The 2020 Rebellion was a professional wrestling event produced by Impact Wrestling and the second event in the Rebellion chronology. The event was initially slated to air live on pay-per-view on April 19, 2020, but due to the COVID-19 pandemic, the event was moved to a closed set at Skyway Studios in Nashville, Tennessee. It was taped between April 8–10, 2020 and was broadcast on April 21 and 28 as a two-part special episode for the company's weekly television program, Impact!.

The event comprised a total of nine matches, with five occurring on the April 21 broadcast and four on April 28. In the main event of the April 21 broadcast, Ken Shamrock defeated Sami Callihan by technical knockout in an unsanctioned match, while in the main event of the April 28 broadcast, Moose defeated Hernandez and Michael Elgin in a three-way match.
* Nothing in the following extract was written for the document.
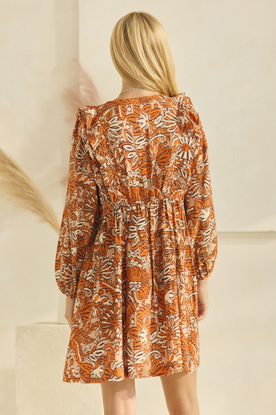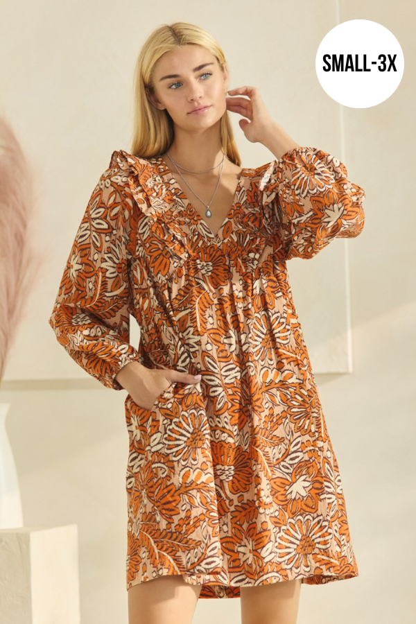 This floral printed V-neck mini dress is the perfect blend of style and comfort. Featuring long sleeves and a flattering V-neckline, it’s designed with a playful floral print that adds a touch of charm to any occasion. The mini length keeps it fun and flirty, while the hidden side pockets bring a functional, laid-back vibe. Ideal for dressing up or down, this versatile piece is your go-to for effortless style with a hint of practicality

After the match, Moose declared himself the TNA World Heavyweight Champion, though was not officially recognized as such until February 23, 2021.

Production

Background 

On January 13, 2020, Impact Wrestling announced on its Twitter account that it would be holding a second Rebellion event in April at Terminal 5 in New York, New York. It was later announced that the event would take place on April 19. However, due to the COVID-19 pandemic, the event was rescheduled and taped on a closed set at Skyway Studios in Nashville, Tennessee between April 8 and 10. It aired on tape delay as a two-part special of Impact! on April 21 and 28.

The event was broadcast on AXS TV in the United States and Fight Network in Canada, both owned by Impact's parent company, Anthem Sports & Entertainment, as well as the company's international broadcast partners, such as Twitch.tv.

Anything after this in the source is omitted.